### Given data
----

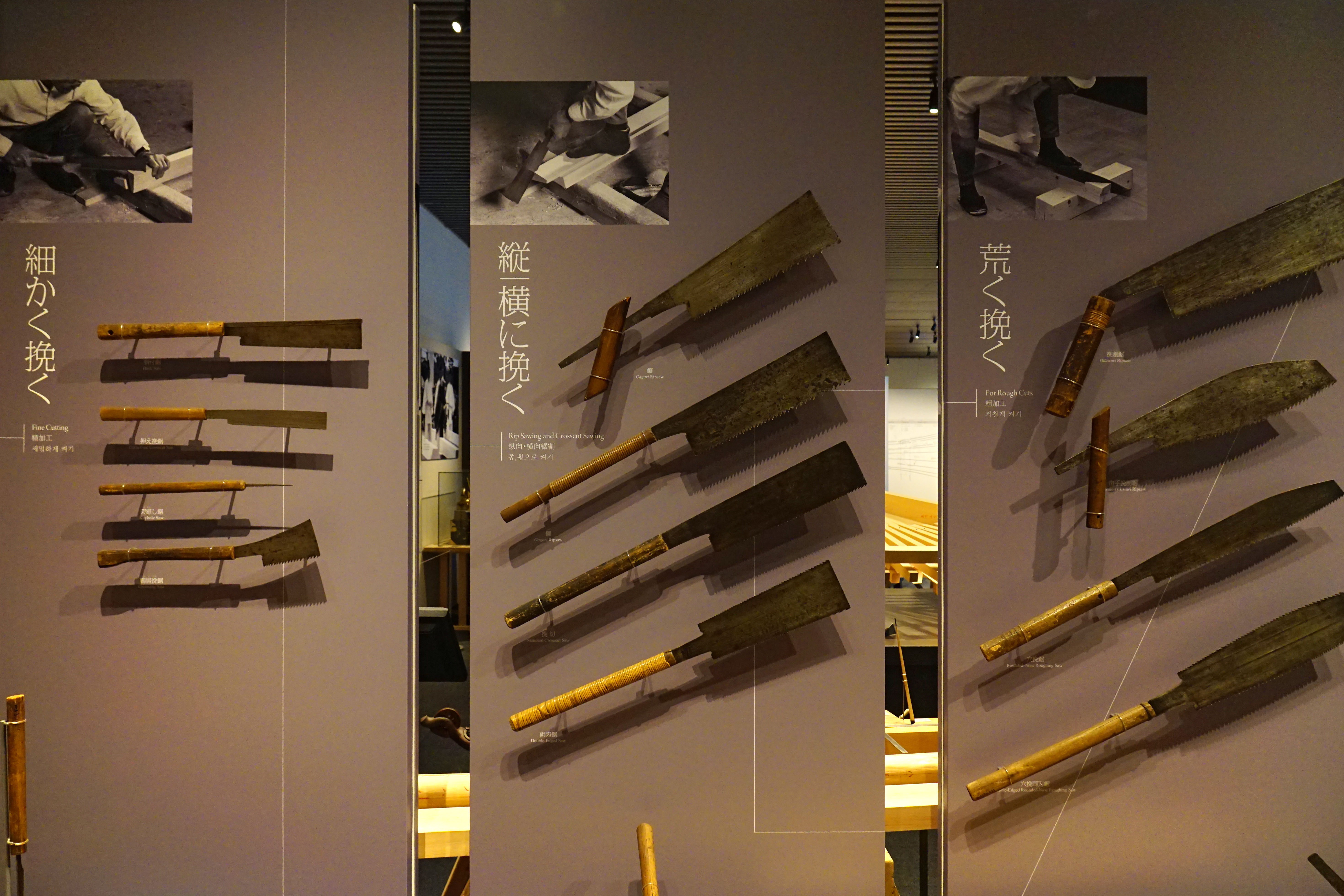 Takenaka Carpentry Tools Museum in Kobe, Hyogo prefecture, Japan.
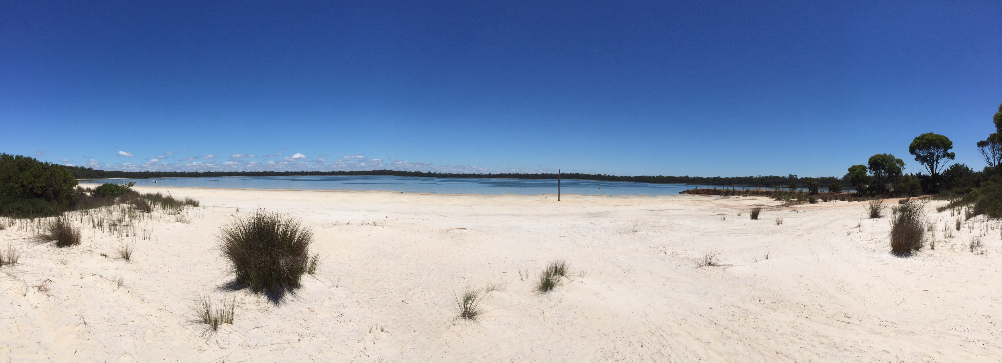 Lake Poorrarecup panorama 2018
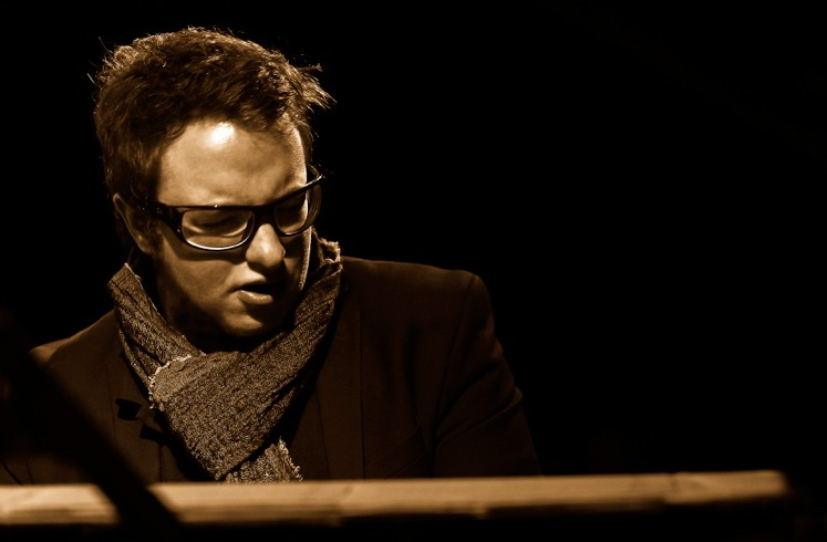 Live concert
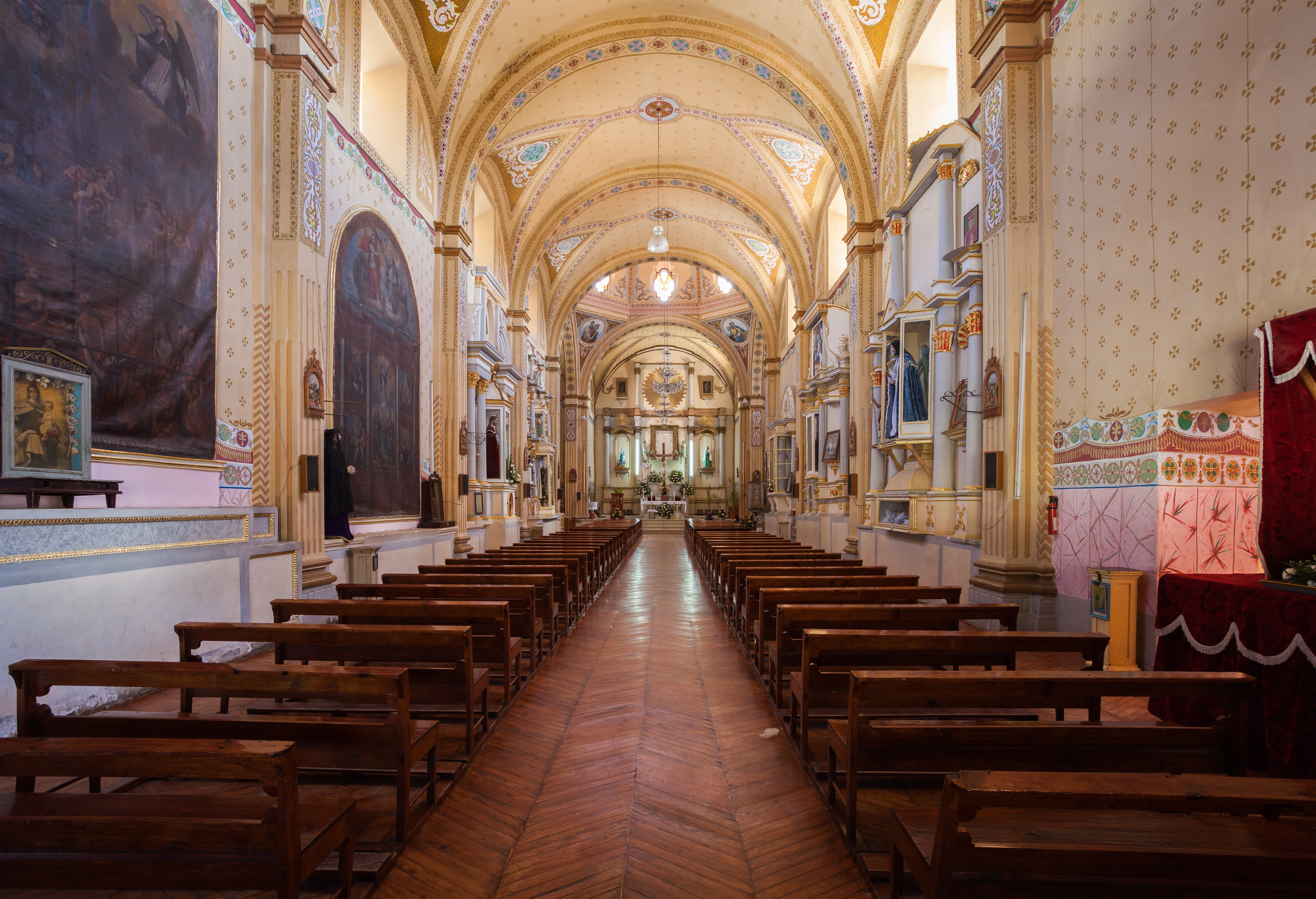 Hermitage of St Peter, Tepeyahualco, Puebla, Mexico

----

### Assignment
Any picture in the listing is to be omitted. Return exactly the lines from the one containing "Lake Poorrarecup panorama 2018" through its last line, both included, and only those.

### Solution for this exercise
 Lake Poorrarecup panorama 2018
 Live concert
 Hermitage of St Peter, Tepeyahualco, Puebla, Mexico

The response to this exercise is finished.